This constructor also allows the sinkFields of the parent Tap to be independent of the pathFields. Thus allowing data not in the result file to be used in the template path name.

Parameters:
parent - of type Tap
pathTemplate - of type String
pathFields - of type Fields

TemplateTap

@ConstructorProperties(value={"parent","pathTemplate","pathFields","openTapsThreshold"})
public TemplateTap(Hfs parent,
                                              String pathTemplate,
                                              Fields pathFields,
                                              int openTapsThreshold)
Constructor TemplateTap creates a new TemplateTap instance using the given parent Hfs Tap as the base path and default Scheme, and the pathTemplate as the Formatter format String. The pathFields is a selector that selects and orders the fields to be used in the given pathTemplate.

This constructor also allows the sinkFields of the parent Tap to be independent of the pathFields. Thus allowing data not in the result file to be used in the template path name.

openTapsThreshold limits the number of open files to be output to.

Parameters:
parent - of type Hfs
pathTemplate - of type String
pathFields - of type Fields
openTapsThreshold - of type int

TemplateTap

@ConstructorProperties(value={"parent","pathTemplate","pathFields","sinkMode"})
public TemplateTap(Hfs parent,
                                              String pathTemplate,
                                              Fields pathFields,
                                              SinkMode sinkMode)
Constructor TemplateTap creates a new TemplateTap instance using the given parent Hfs Tap as the base path and default Scheme, and the pathTemplate as the Formatter format String.
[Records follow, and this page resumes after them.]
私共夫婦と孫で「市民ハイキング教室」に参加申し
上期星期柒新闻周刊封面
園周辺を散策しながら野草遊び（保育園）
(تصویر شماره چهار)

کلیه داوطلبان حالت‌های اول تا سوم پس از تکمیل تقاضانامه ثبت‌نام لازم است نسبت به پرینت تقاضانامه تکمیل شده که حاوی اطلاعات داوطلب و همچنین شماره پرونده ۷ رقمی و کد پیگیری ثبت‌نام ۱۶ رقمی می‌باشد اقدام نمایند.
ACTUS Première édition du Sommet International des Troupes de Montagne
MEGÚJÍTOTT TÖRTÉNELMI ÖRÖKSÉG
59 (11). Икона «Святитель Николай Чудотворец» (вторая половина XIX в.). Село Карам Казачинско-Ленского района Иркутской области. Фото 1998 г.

The pathFields is a selector that selects and orders the fields to be used in the given pathTemplate.

This constructor also allows the sinkFields of the parent Tap to be independent of the pathFields. Thus allowing data not in the result file to be used in the template path name.

Parameters:
parent - of type Tap
pathTemplate - of type String
pathFields - of type Fields
sinkMode - of type SinkMode

TemplateTap

@ConstructorProperties(value={"parent","pathTemplate","pathFields","sinkMode","keepParentOnDelete"})
public TemplateTap(Hfs parent,
                                              String pathTemplate,
                                              Fields pathFields,
                                              SinkMode sinkMode,
                                              boolean keepParentOnDelete)
Constructor TemplateTap creates a new TemplateTap instance using the given parent Hfs Tap as the base path and default Scheme, and the pathTemplate as the Formatter format String. The pathFields is a selector that selects and orders the fields to be used in the given pathTemplate.
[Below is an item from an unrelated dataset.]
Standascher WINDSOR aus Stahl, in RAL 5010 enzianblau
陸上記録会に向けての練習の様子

This constructor also allows the sinkFields of the parent Tap to be independent of the pathFields. Thus allowing data not in the result file to be used in the template path name.

keepParentOnDelete, when set to true, prevents the parent Tap from being deleted when deletePath(org.apache.hadoop.mapred.JobConf) is called, typically an issue when used inside a Cascade.

Parameters:
parent - of type Tap
pathTemplate - of type String
pathFields - of type Fields
sinkMode - of type SinkMode
keepParentOnDelete - of type boolean

TemplateTap

@ConstructorProperties(value={"parent","pathTemplate","pathFields","sinkMode","keepParentOnDelete","openTapsThreshold"})
public TemplateTap(Hfs parent,
                                              String pathTemplate,
                                              Fields pathFields,
                                              SinkMode sinkMode,
                                              boolean keepParentOnDelete,
                                              int openTapsThreshold)
/** Constructor TemplateTap creates a new TemplateTap instance using the given parent Hfs Tap as the base path and default Scheme, and the pathTemplate as the Formatter format String. The pathFields is a selector that selects and orders the fields to be used in the given pathTemplate.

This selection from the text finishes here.